Eu podia matar o frade. Eu podia devolver à vida o amado de Florinda. Eu podia até apagar a Florinda das folhas desse romance. Mas nem assim tu terias paz. Porque a trama continuaria viva na tua cabeça. Por resolver. Por descodificar.
O ciúme. Sempre o ciúme a tomar conta das relações e a subvertê-las. O "arquétipo do drama do ciúme e do ciumento e ao mesmo tempo do ciúme como tragédia" como diz Eduardo Lourenço. Florinda ama quem a ama mas não ama aquele que a vai ferir por amor. Ou por ciúme. Neste caso o amor realiza-se, possibilita-se, através da morte, não de Florinda mas do rival. Mas é um amor unilateral em que pode até realizar-se o estado catártico que justifica o acto do ciúme e provoca o reencontro do indivíduo, mas não aquieta quem mata nem traz a paz de Sara. Porque essa só será alcançada quando Florinda, o frade e a tragédia se diluírem nas páginas não do romance mas das outras que Sara constrói cuidadosamente, lentamente, mas de forma segura e reflectida.
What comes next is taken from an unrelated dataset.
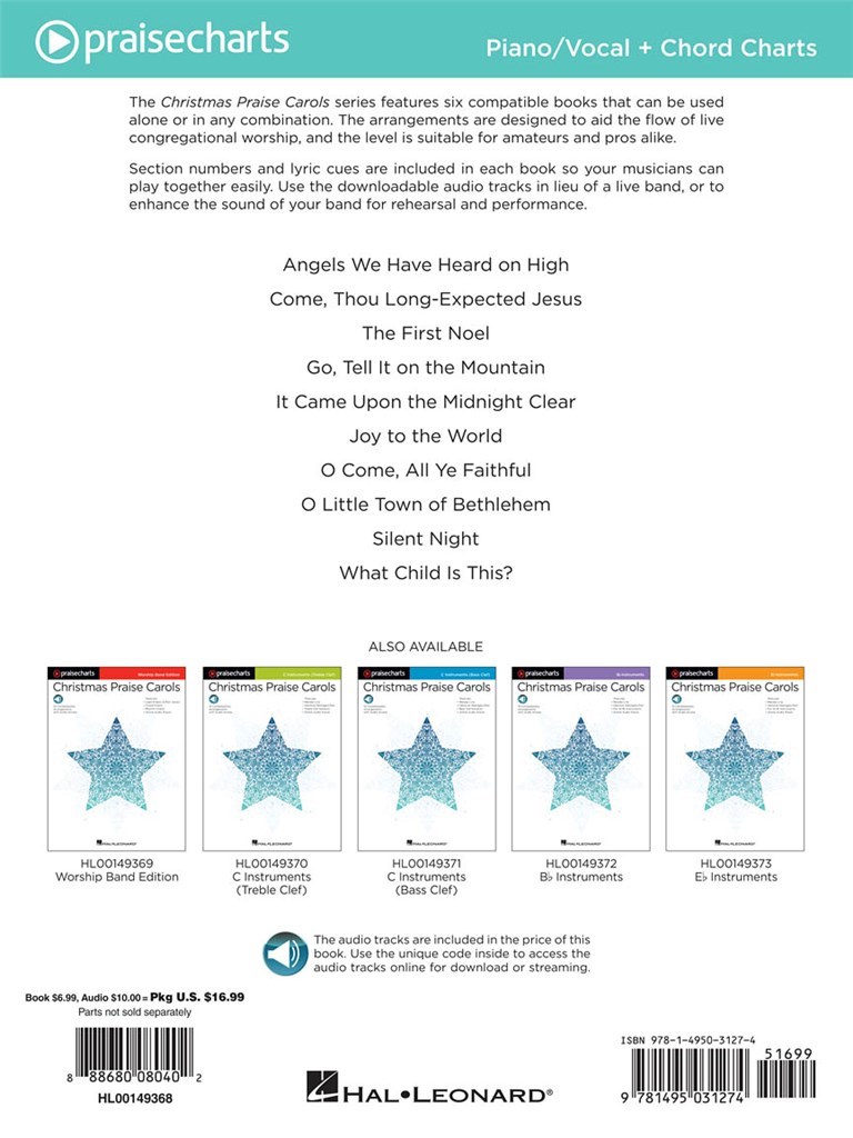The Christmas Praise Carols series features six compatible books that can be used alone or in any combination. The arrangements are designed to aid the flow of live congregational worship, and the level is suitable for amateurs and pros alike. Section numbers and lyric cues are included in each book so your musicians can play together easily. Use the audio tracks in lieu of a live band, or to enhance the sound of your band for rehearsal and performance. The audio tracks are accessed online using the unique code in each book. The tracks can be streamed or downloaded according to personal preference. Songs include: Angels We Have Heard on High - Come, Thou Long-Expected Jesus - The First Noel - Go, Tell It on the Mountain - It Came upon the Midnight Clear - Joy to the World - O Come, All Ye Faithful - O Little Town of Bethlehem - Silent Night - What Child Is This?

E se o frade interrompesse a sua narração, tu inventarias uma qualquer continuidade, talvez Florinda se acolhesse no seu amor ou, pelo contrário, se tomasse de amores por quem não ama. E então, quem matou sofreria o ciúme de quem personificou a justificação dessa "tragédia suspensa" à espera da tua interpretação como acto extremo. Mas apenas inverterias o processo que te tira a paz.